Imagem ilustrativa da imagem Profissionais aprovam regulamentação  feita pela Anac para uso de drones

Ao que tange à segurança, de acordo com o regulamento, o sobrevoo de drones fica proibido a uma distância menor que 30 metros acima nem lateralmente de pessoas, sem autorização, com exceção de operações de segurança pública ou defesa civil. Com a nova regra não será mais tão fácil captar imagens de shows, jogos de futebol, manifestações ou casamentos, por exemplo.
Para o fotógrafo apucaranense Paulo Henrique Cardoso, a regulamentação, inclusive sobre a restrição é positiva, uma vez que não colocará em risco a vida de pessoas. “Antes as recomendações eram parecidas, mas agora é algo concreto, que vem realmente para regularizar o uso”, avalia.
Ele, que decidiu investir no uso de drone profissionalmente há dois anos, aproveitou para fazer o registro na Anac ontem mesmo. “Para mim, o uso deste tipo de equipamento permitiu realizar um sonho pessoal e também profissional, além de ser um diferencial no meu trabalho e agregar valor ao serviço”, diz.
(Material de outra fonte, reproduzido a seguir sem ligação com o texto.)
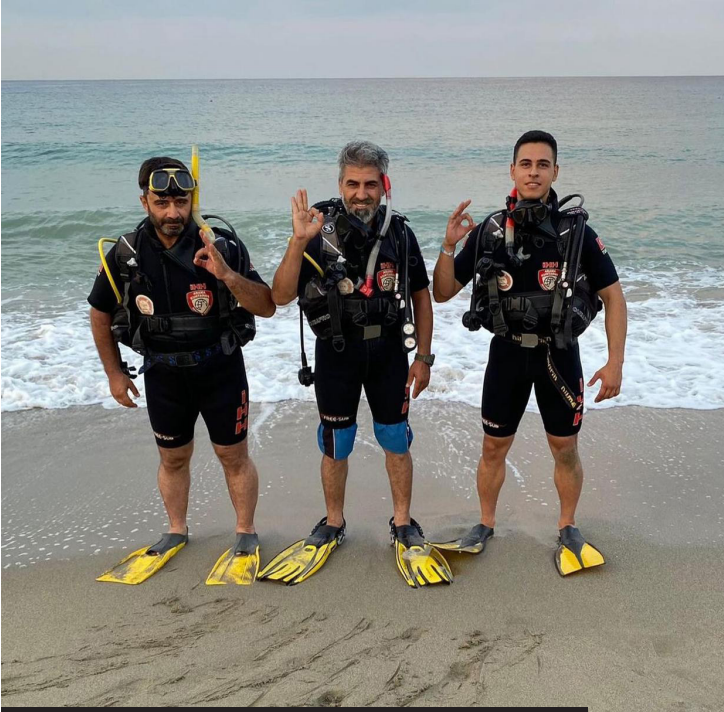
Dalgıçlar Kızılkule çevresinde deniz temizliği yapacak.

İHH, 'Dünya Çevre Günü' kapsamında 5 Haziran'da Kızılkule çevresinde deniz temizliği yapacak. Etkinlik ile denizlerdeki kirliliğe dikkat çekilerek farkındalık oluşturulması amaçlanıyor.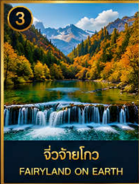
3 จิวจ้ายโกว FAIRYLAND ON EARTH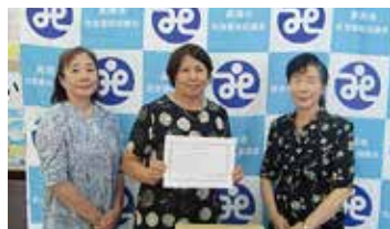
8. JAはが野 真岡地区二宮地区女性会(8月)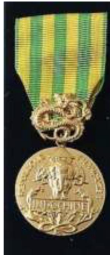
Médaille commémorative Campagne d'Indochine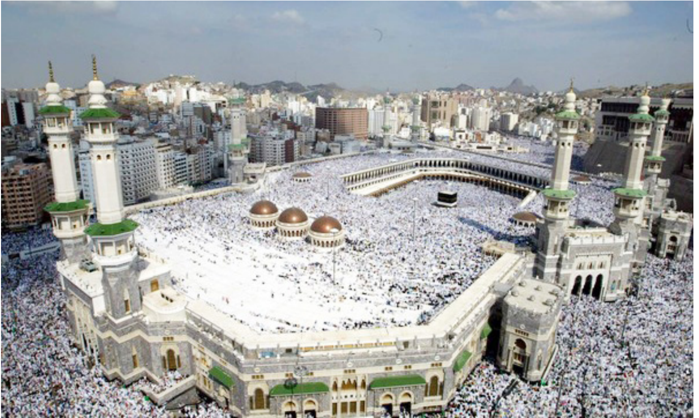
Puncak Ibadah Haji 2023 di Mekah

Selain itu, Komisi VIII DPR mendorong Pemerintah melakukan sosialisasi dan edukasi yang masif bika hendak merealisasikan kebijakan berhaji sekali seumur hidup. Ace meminta Pemerintah membuka peluang lain bagi umat muslim yang hendak beribadah di Tanah Suci lebih dari satu kali, misalnya dengan kemudahan akses umrah.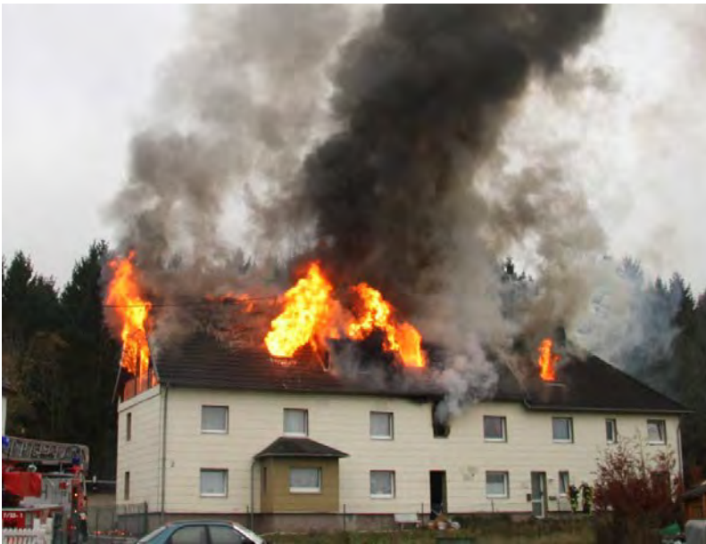
Abbildung 18: Erste Frontalansicht bei einem Dachstuhlbrand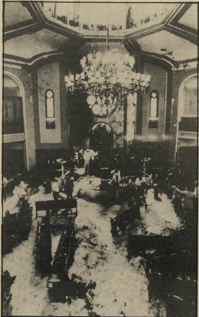
בית-הכנסת "נווה שלום" באיסטנבול אחרי הטבח על קודר

לכן מנה פרס עם הרוח והתחיל לפתע, לעשות שרירים. הוא נתן הוראה דרמטית לשני המנכ"לים בקאהיר: רודר קמחי ואברהם טמיר — לארוז את המונוודות ולחזור הביתה, אם המצרים לא יסכימו לתנאי ישראל בנוגע לסימון הגבול. כך הציג את

Para isso, PH, como é mais conhecido, segue todas as recomendações do fabricante como a simulação de voos. “Foram 12 horas de simulação, para depois começar a fazer os voos. No início foram voos mais baixos e curtos até realmente ganhar confiança e habilidade para manusear corretamente a aeronave. Seguindo todos os procedimentos, é um equipamento muito seguro”, acredita.
Além disso, é preciso ficar atento ainda às condições climáticas e possíveis obstáculos como pássaros e a interferência eletromagnética, ressalta o profissional.

FORMALIZAÇÃO
O empresário araponguense Paulo Antonio Kümmel, que também usa drone no seu dia a dia de trabalho, acrescenta que a regularização é essencial para formalização do setor. “Hoje em dia, é comum pessoas que não são profissionais prestar serviço sem qualquer responsabilidade. Com a regularização, espero que mude este comportamento”, diz.
Ele, que trabalha com aerofotogrametria, também aproveitou para registrar o drone junto à Anac. Porém, observa que em sua área de atuação profissional, que é basicamente o mapeamento aéreo rural, se depara com outros problemas regularmente.
“Além da atuação de pessoas não habilitadas, também é comum se deparar com pilotos de aviões inconsequentes que voam abaixo da altitude permitida, colocando em o nosso trabalho”, reclama.
Os drones são encontrados no mercado partir de R$ 2,5 mil, geralmente para uso recreativo, e a partir de R$7 mil para uso profissional, mas podem chegar até R$400 mil.